Exercise material:
_ _ _ _ _

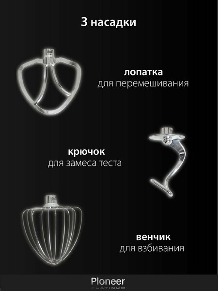 венчик для взбивания, защитная крышка, насадка-крюк, насадка для перемешивания, чаша
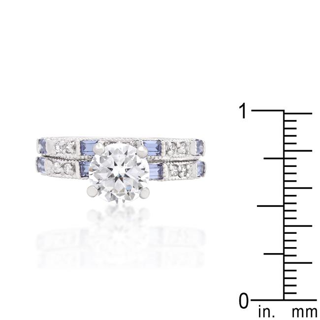 Tanzanite color cubic zirconia stones intermingle with an array of sparkling clears to create a ring set that’s delicately enticing. Our genuine rhodium finish is achieved using an electroplating process that coats the item with heavy layers of rhodium a close cousin to platinum which gives our jewelry a platinum luster.
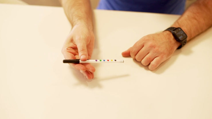 You show a normal ballpoint pen, decorated with six colored dots. Your participant freely names any number from one to six. With just a wave, every single dot on the pen instantly changes to match their chosen color. A shake brings back the rainbow, then — as if defying logic — the dots transform again, showing all one color on one side and a rainbow on the other.
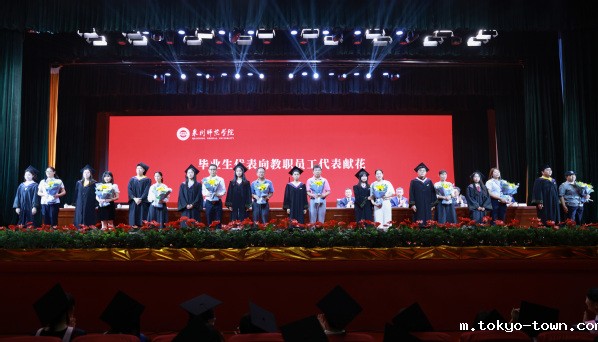 毕业生代表向教师、辅导员、宿管员、保安员、餐厅服务员等一线教职员工代表献花,感谢全体教职员工的辛勤付出。
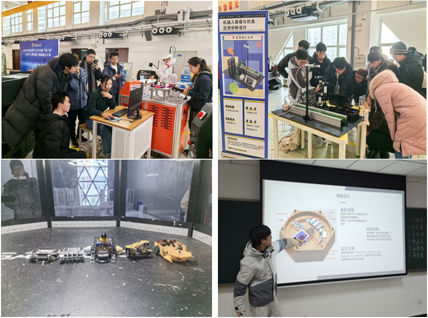 本次大赛设置了“工业协作机器人及数字孪生技术创新应用”、“机器人建模与仿真应用创新设计”、“数智竞技机器人”、“文创产品设计与制作”4个赛项,38支队伍133名同学参赛,其中包括邀请来自北京化工大学2支队伍11名同学就数智竞技机器人赛项进行友谊赛交流。经过激烈的角逐,最终评选出了特等奖4项、一等奖8项、二等奖14项。
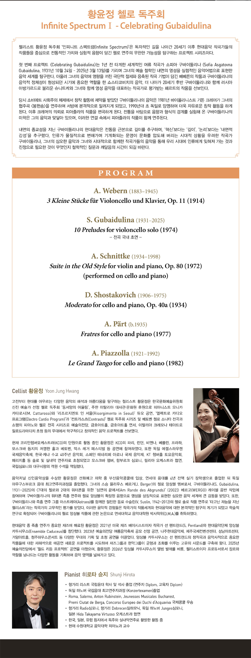 S. Gubaidulina ... 10 Preludes for violoncello Solo (1974) -전곡 국내 초연 -
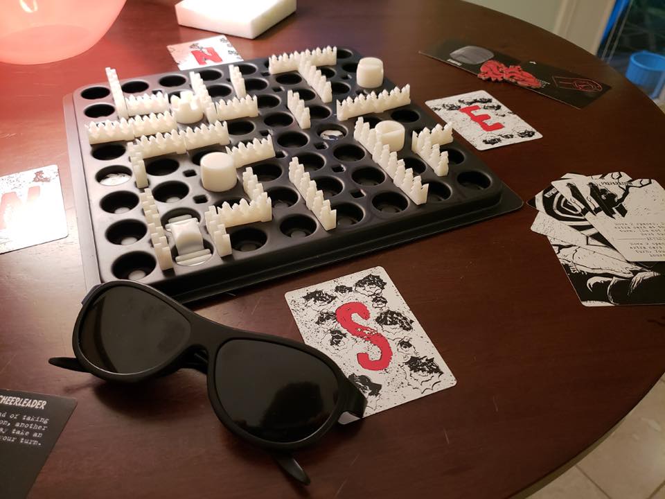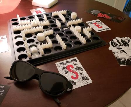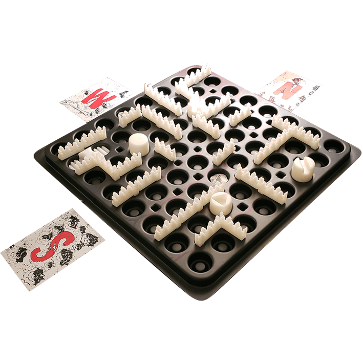 In more detail, Nyctophobia is a cooperative tactile maze game for 3 to 5 players. All but one of the players play the game completely unable to see the board. The blinded players make up the Hunted team. They are tasked with finding the car space on the board and surviving until the police arrive to rescue them. The sighted player is the Hunter, who is tasked with chasing down the Hunted and reducing one of the Hunted to zero health before the police arrive.
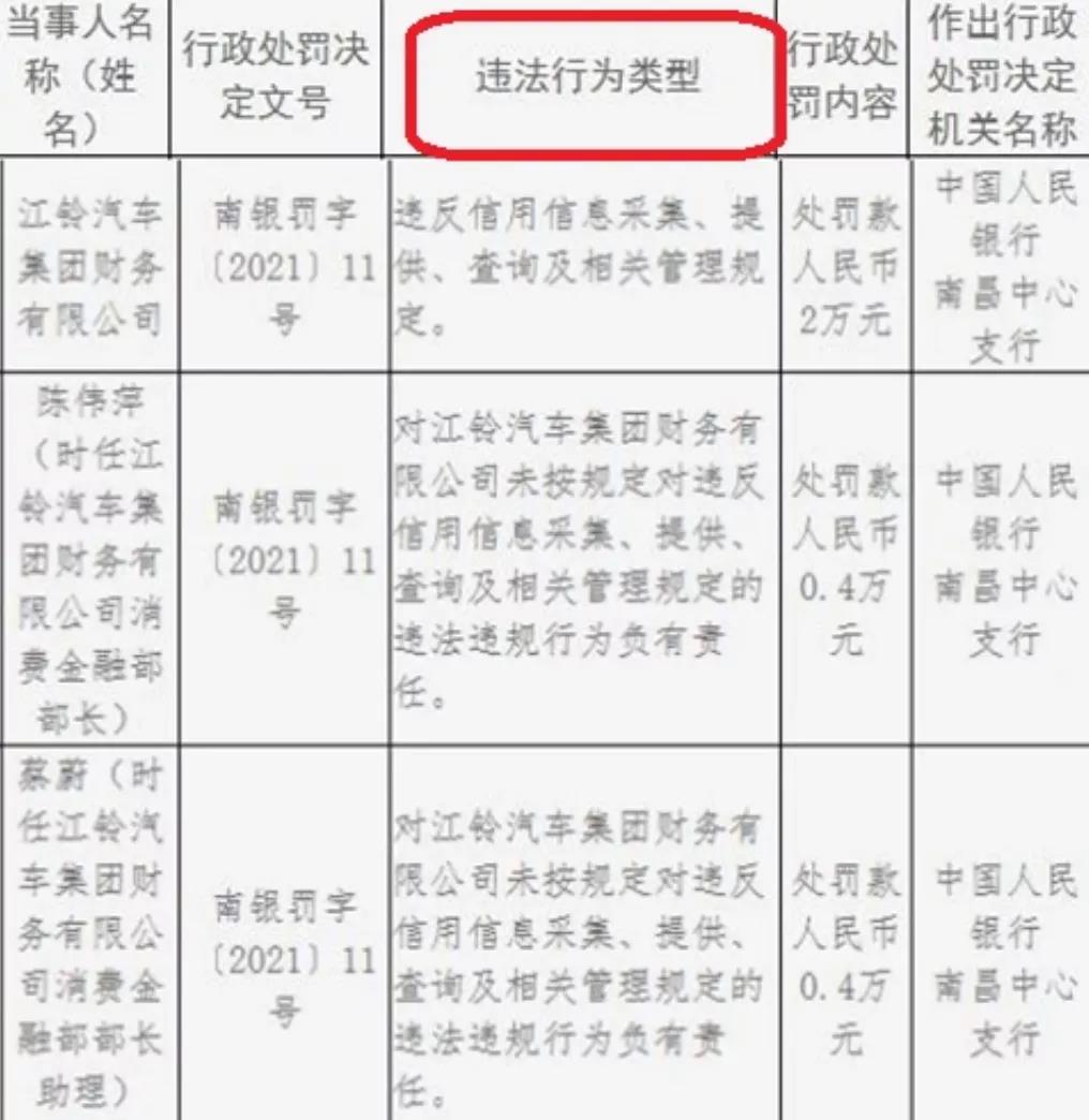 据中国经济网报道,日前,中国人民银行南昌中心支行网站公布的行政处罚信息公示表显示,江铃汽车集团财务有限公司违反信用信息采集、提供、查询及相关管理规定,被中国人民银行南昌中心支行处罚款人民币2万元。时任江铃汽车集团财务有限公司消费金融部部长陈伟萍、部长助理蔡蔚对上述违法违规行为负有责任,被中国人民银行南昌中心支行分别处罚款人民币4000元。

_ _ _ _ _

Exercise goal: Without the pictures, repeat the listing above exactly.

Solved exercise:
 венчик для взбивания, защитная крышка, насадка-крюк, насадка для перемешивания, чаша
 Tanzanite color cubic zirconia stones intermingle with an array of sparkling clears to create a ring set that’s delicately enticing. Our genuine rhodium finish is achieved using an electroplating process that coats the item with heavy layers of rhodium a close cousin to platinum which gives our jewelry a platinum luster.
 You show a normal ballpoint pen, decorated with six colored dots. Your participant freely names any number from one to six. With just a wave, every single dot on the pen instantly changes to match their chosen color. A shake brings back the rainbow, then — as if defying logic — the dots transform again, showing all one color on one side and a rainbow on the other.
 毕业生代表向教师、辅导员、宿管员、保安员、餐厅服务员等一线教职员工代表献花,感谢全体教职员工的辛勤付出。
 本次大赛设置了“工业协作机器人及数字孪生技术创新应用”、“机器人建模与仿真应用创新设计”、“数智竞技机器人”、“文创产品设计与制作”4个赛项,38支队伍133名同学参赛,其中包括邀请来自北京化工大学2支队伍11名同学就数智竞技机器人赛项进行友谊赛交流。经过激烈的角逐,最终评选出了特等奖4项、一等奖8项、二等奖14项。
 S. Gubaidulina ... 10 Preludes for violoncello Solo (1974) -전곡 국내 초연 -
 In more detail, Nyctophobia is a cooperative tactile maze game for 3 to 5 players. All but one of the players play the game completely unable to see the board. The blinded players make up the Hunted team. They are tasked with finding the car space on the board and surviving until the police arrive to rescue them. The sighted player is the Hunter, who is tasked with chasing down the Hunted and reducing one of the Hunted to zero health before the police arrive.
 据中国经济网报道,日前,中国人民银行南昌中心支行网站公布的行政处罚信息公示表显示,江铃汽车集团财务有限公司违反信用信息采集、提供、查询及相关管理规定,被中国人民银行南昌中心支行处罚款人民币2万元。时任江铃汽车集团财务有限公司消费金融部部长陈伟萍、部长助理蔡蔚对上述违法违规行为负有责任,被中国人民银行南昌中心支行分别处罚款人民币4000元。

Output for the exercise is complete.